Mama : kemana aja kamu sayang...? mama sudah lama mencari kamu...! jangan pergi lagi ya
sayang... (menarik Lia dalam pelukan)

Lia : (memeluk mama) Maafin Lia ya ma.....


Mama : Maafin mama juga ya sayang.... (melepas pelukan, membelai kepala Lia)

Lia : Lia sekarang mengerti... enggak cuma Lia yang punya masalah... semua orang memiliki
masalah masing-masing... (menatap mama)

Mama : iya sayang... ayo kita pulang...

Lia : sebentar ma... (mendekati sindhu dkk. Tersenyum) makasi ya semua...!

Andini : (mengangguk) iyaa... sama-sama... jaga diri baik-baik ya.. jangan lupain kita! (menarik
tangan Lia) kita sudah jadi sahabatkan sayang...?

Lia : okee..! (tersenyum) Mesya, Rendra, makasi ya... salam buat kakakmu... (menatap Mesya)

Mesya : (mengangguk) maafin kakakku juga ya...

Lia : (mengangguk) kak... (menatap sindhu) kalau mau memperbaiki kesalahan, perbaikilah
pada Beibh... belajarlah bertanggung jawab...

Sindhu : (mengangguk, terdiam sesaat) mungkin kamu benar...

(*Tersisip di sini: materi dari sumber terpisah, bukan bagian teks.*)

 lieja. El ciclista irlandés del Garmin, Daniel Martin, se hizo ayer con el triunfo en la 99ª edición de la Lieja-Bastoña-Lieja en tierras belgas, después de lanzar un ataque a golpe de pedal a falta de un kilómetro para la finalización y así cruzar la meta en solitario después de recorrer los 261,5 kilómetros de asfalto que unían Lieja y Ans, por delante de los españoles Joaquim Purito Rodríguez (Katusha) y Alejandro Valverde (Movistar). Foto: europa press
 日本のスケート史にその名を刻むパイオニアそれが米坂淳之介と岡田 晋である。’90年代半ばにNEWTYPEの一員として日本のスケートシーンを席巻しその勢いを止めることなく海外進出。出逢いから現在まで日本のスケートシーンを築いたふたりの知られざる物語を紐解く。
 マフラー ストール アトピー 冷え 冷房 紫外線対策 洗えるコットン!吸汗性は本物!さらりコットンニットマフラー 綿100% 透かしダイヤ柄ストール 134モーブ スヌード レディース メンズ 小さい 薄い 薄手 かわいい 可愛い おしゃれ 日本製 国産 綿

Lia : ku harap kita bisa bertemu lagi... bye... (melambaikan tangan, melangkah pergi bersama
mamanya)

(yang lain ikut melambaikan tangan, menghantar kerpergian Lia)

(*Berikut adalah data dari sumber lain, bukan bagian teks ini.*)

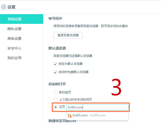 2、在主页内输入 (www.fu365.com)或复制 ,设置自动保存。

Ada sedikit cerita Sindhu dalam hati Lia. Tapi, Lia tak menyesalinya. Lia
menganggap itu sebagai pelajaran teridah dalam hidupnya. Lia yakin, suatu saat jika
memang diizinkan, Lia dapat bertemu Sindhu dengan cara yang lebih baik. Saat mereka
sama-sama dewasa. Jika tidak pun, ia berharap kedatangannya dapat menyatukan Sindhu
dengan Beibh.

Lia sekarang sadar, bahwa masalah tidak hanya mendatanginya. Semua orang
memiliki masalah yang harus dihadapi dalam hidup. Kabur dan mencari masalah lain
bukanlah jalan yang tepat untuk menyelesaikan masalah. Yang ada, ialah kita harus
menghadapi masalah itu.

Sejak saat itu, ia tak pernah mengeluh lagi akan keadaan orang tuanya. Ia menjalani
hidupnya dengan penuh semangat, meski harus berpindah-pindah tempat. Yang lebih
penting, ia slalu berusaha mensyukuri apa yang ia dapatkan.